АЛЖИРЦЫ. Алжирцев в Тулузе я видела немного, однако есть несколько арабских кафе (Petit Pacha и др.), на одном из которых я с трудом разобрала до боли знакомое по питерским ларям слово «шаверма». Стоит эта радость у нас 5 тысяч, а в Тулузе – 25 франков (!) В сквере на площади Вильсона, недалеко от Капитолия, алжирские старики подолгу сидят на лавочке, переговариваясь между собой.

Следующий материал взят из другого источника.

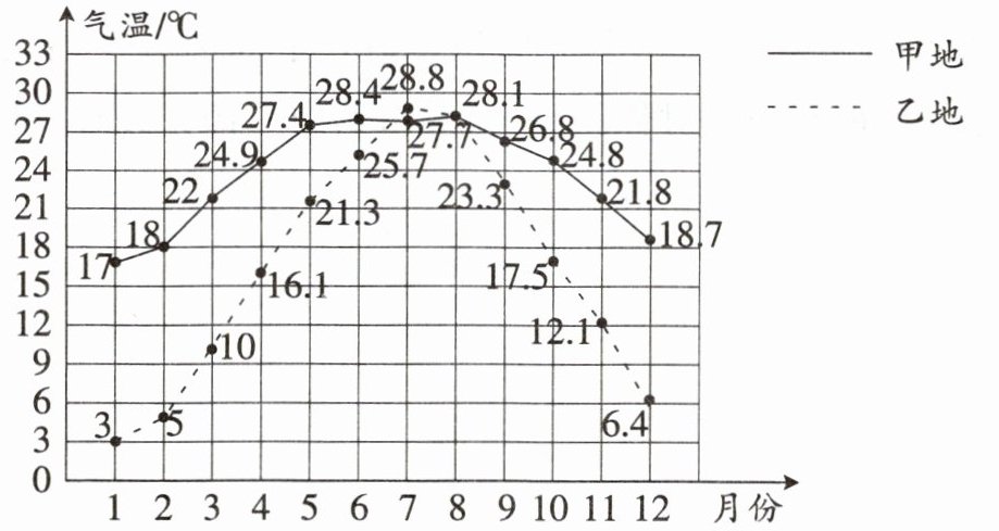 (4)甲、乙两地月平均气温如下图所示。从统计图看,乙地在()的平均气温变化幅度最大。一种树莓的主要生长期为4月,其生长过程中最适宜的平均温度为10~20℃,仅考虑温度因素,这种植物适合在()种植。
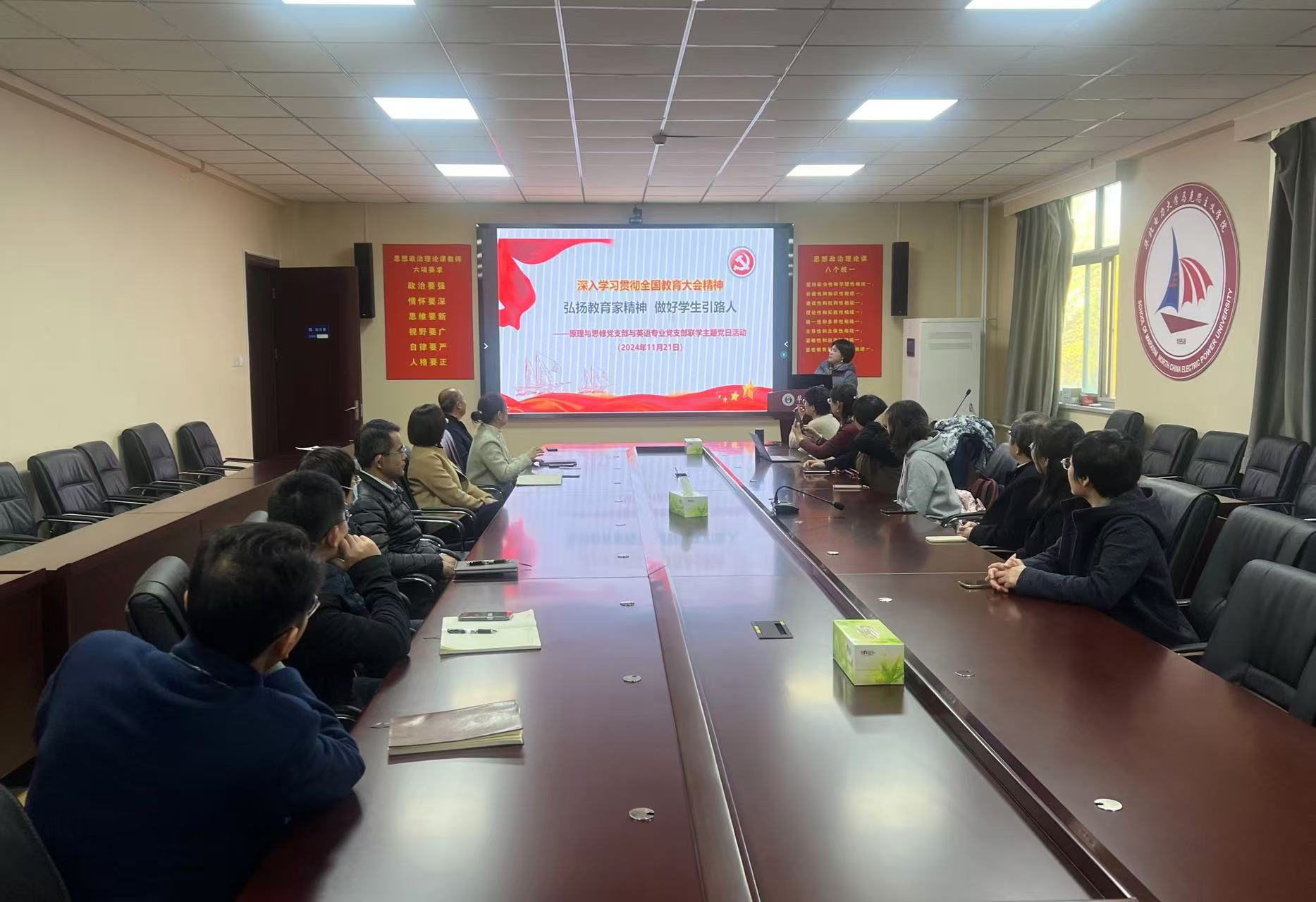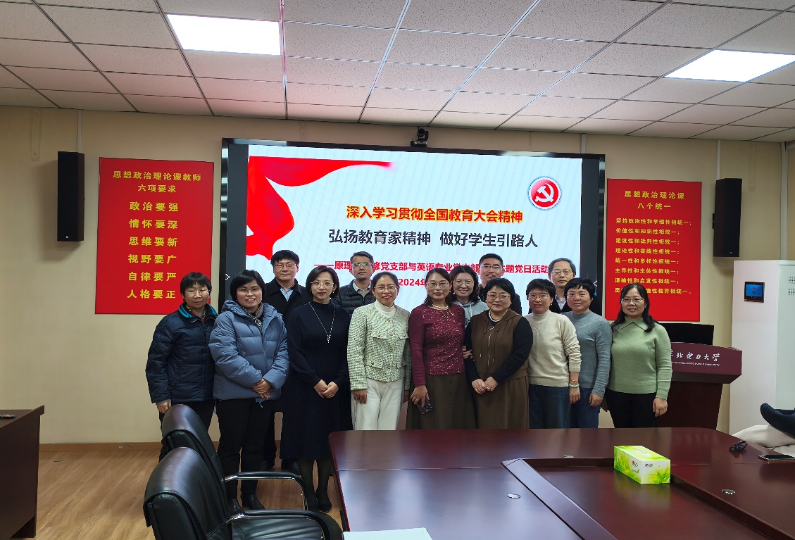 为深入学习贯彻习近平总书记重要讲话和全国教育大会精神,进一步凝聚思想共识、强化使命担当,推动党中央关于建设教育强国的重大决策部署落实落地,2024年11月21日,304am永利集团原理与思修党支部与外国语学院英语专业党支部开展联学共建,进行“弘扬教育家精神 做好员工引路人”主题党日活动,本次活动由原理与思修党支部书记吴宁宁主持,外国语学院英语专业党支部书记郑蓉颖进行总结。
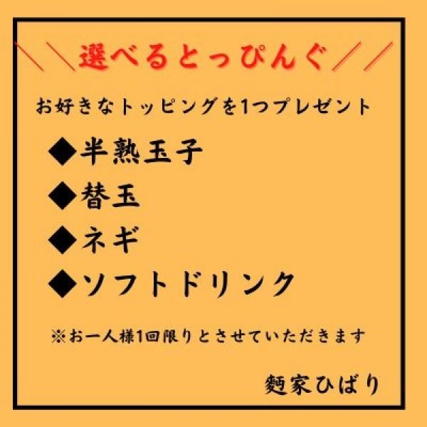 【1回限り!!】選べるトッピングプレゼント!!
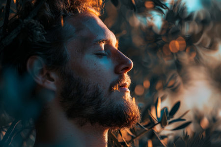 Sunlight man nature alone concept. Unity with the nature. Inner harmony.
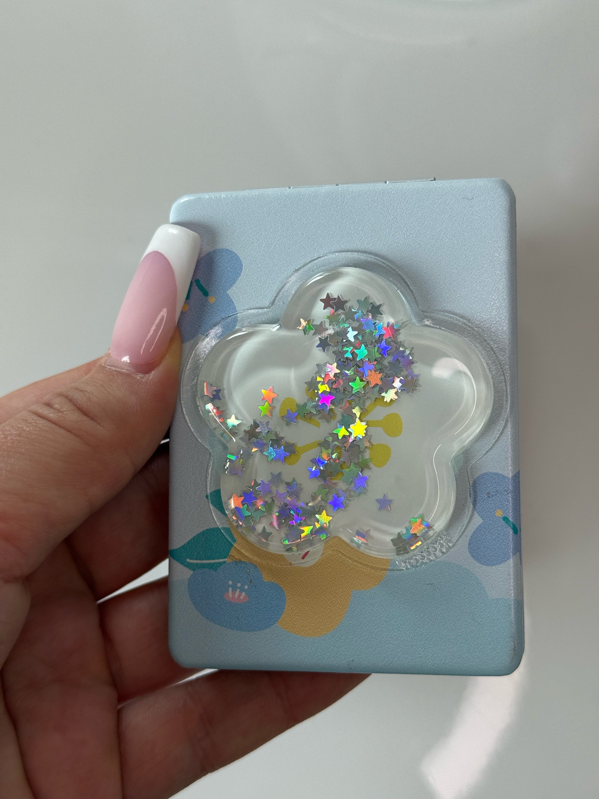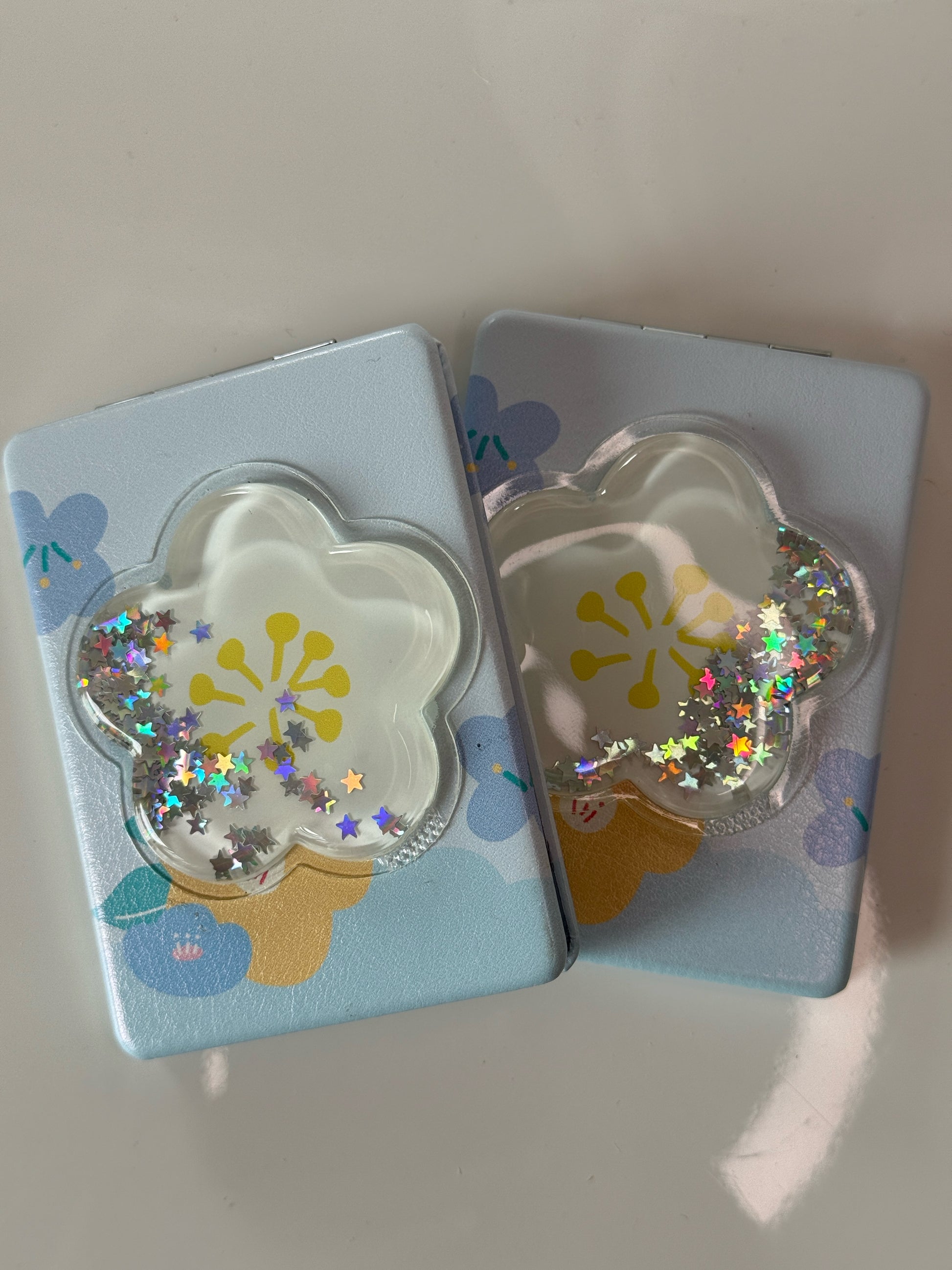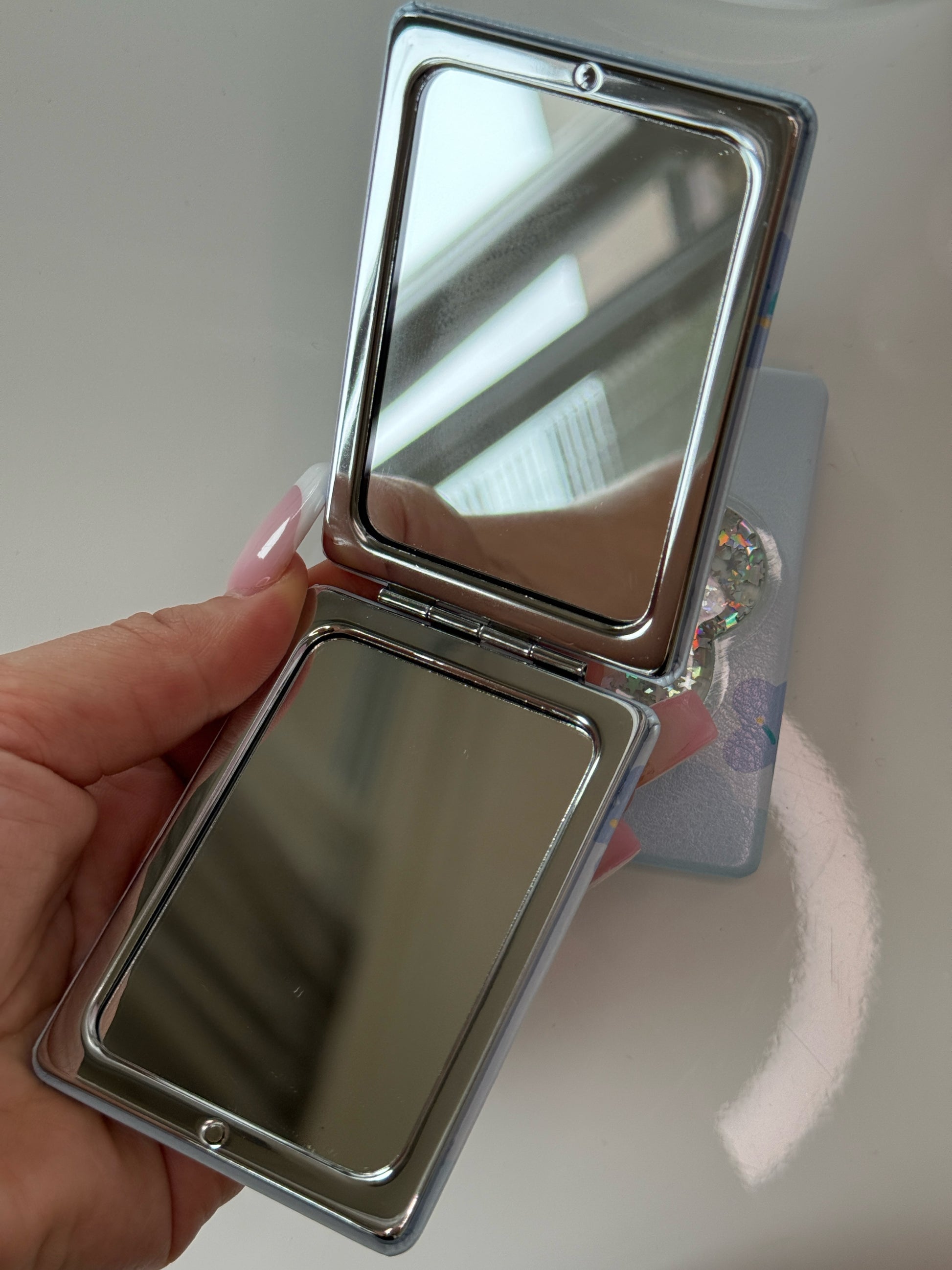 Roztomilé kapesní zrcátko s tekutinovou výplní a pohyblivými třpytkami ✨ Stačí jemně zatřást a třpytky se krásně rozletí! Skvělé do kabelky, na cesty i jako malý dárek pro kamarádku 💖
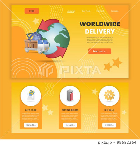 Worldwide delivery flat landing page website template. Gift card, fitting room, big sale. Web banner with header, content and footer. Vector illustration.
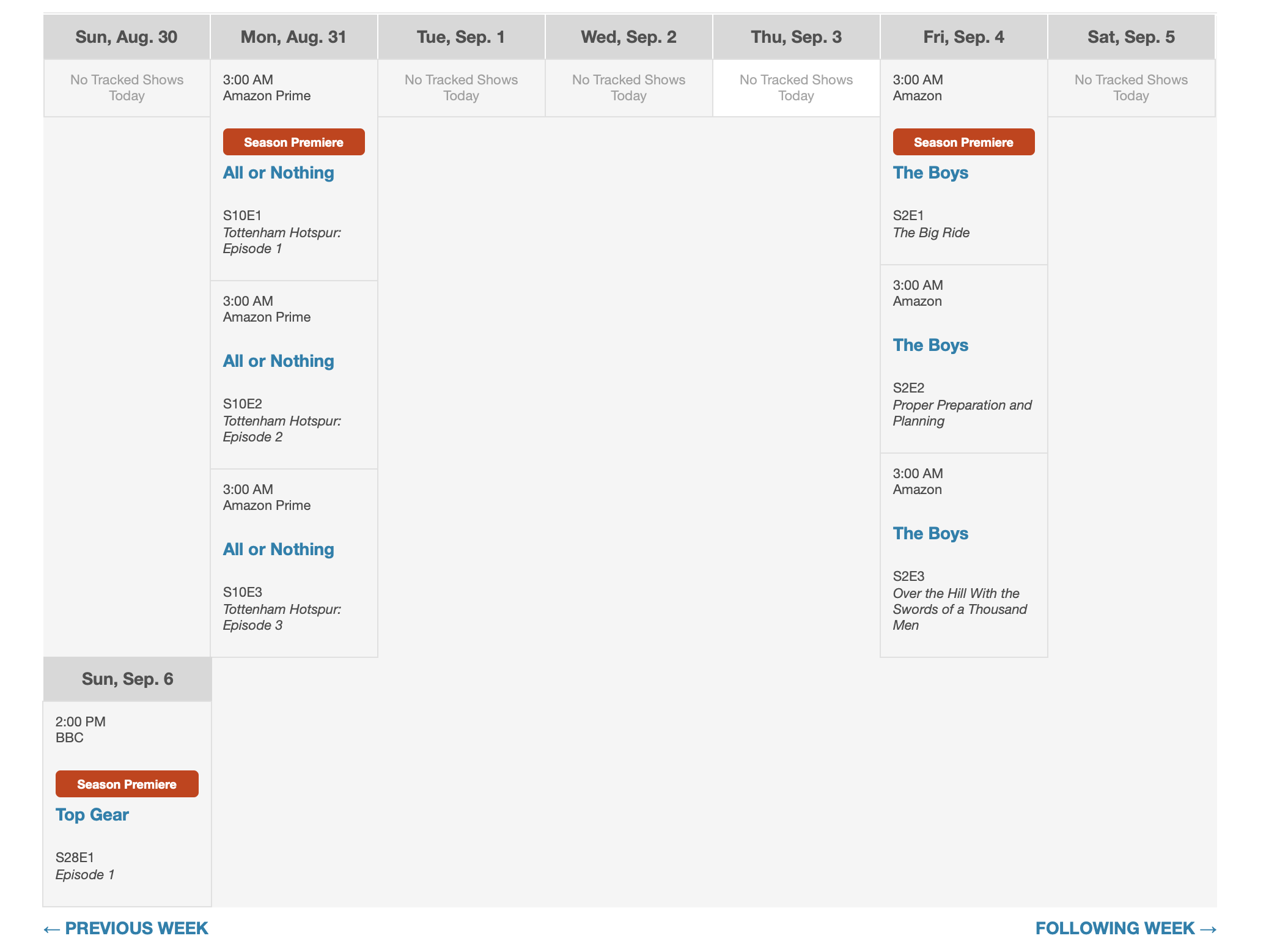On the calendar it shows that Top Gear Season 28 is premiering on the 6th of September but it actually premiered on 26 Jan 2020 and all 6 episodes was released. When I went to the page of the show on SideReel it shows that the season was released from Jan to March.

Алжирцы практически не смешиваются с местным населением. Во всяком случае, я не видела арабских парней с французскими девушками, арабских девушек с французскими парнями. Арабские женщины, как и у нас, ходят, до глаз закутанные в платки.

ЦВЕТНЫЕ. То, чего мне не хватает в России, – многоцветье лиц. В отличие от арабов, негры смешиваются со здешними белыми в любых пропорциях и соотношениях, порождая исключительно красивых людей. Даже не берусь описывать красоту цветных девушек в Тулузе. На них можно смотреть без конца. Чем и занимаются французы, сидящие в кафе и глазеющие на улицу, а также алжирские дедушки, обсевшие сквер Вильсона.

Вьетнамцы тоже есть и тоже довольно легко растворяются среди аборигенов.

На Страсбургском бульваре, среди выплеснувшегося на улицу торжища, имеются несколько прилавков, где очень черные негры продают связки поясов, погремушек, звонких индейских барабанов и странные струнные инструменты, сделанные из чего-то вроде высушенной тыквы.

ДВЕ ТВЕРДЫНИ. – Жак уехал в Страсбург, объяснив, что в Монсегюр попасть невозможно.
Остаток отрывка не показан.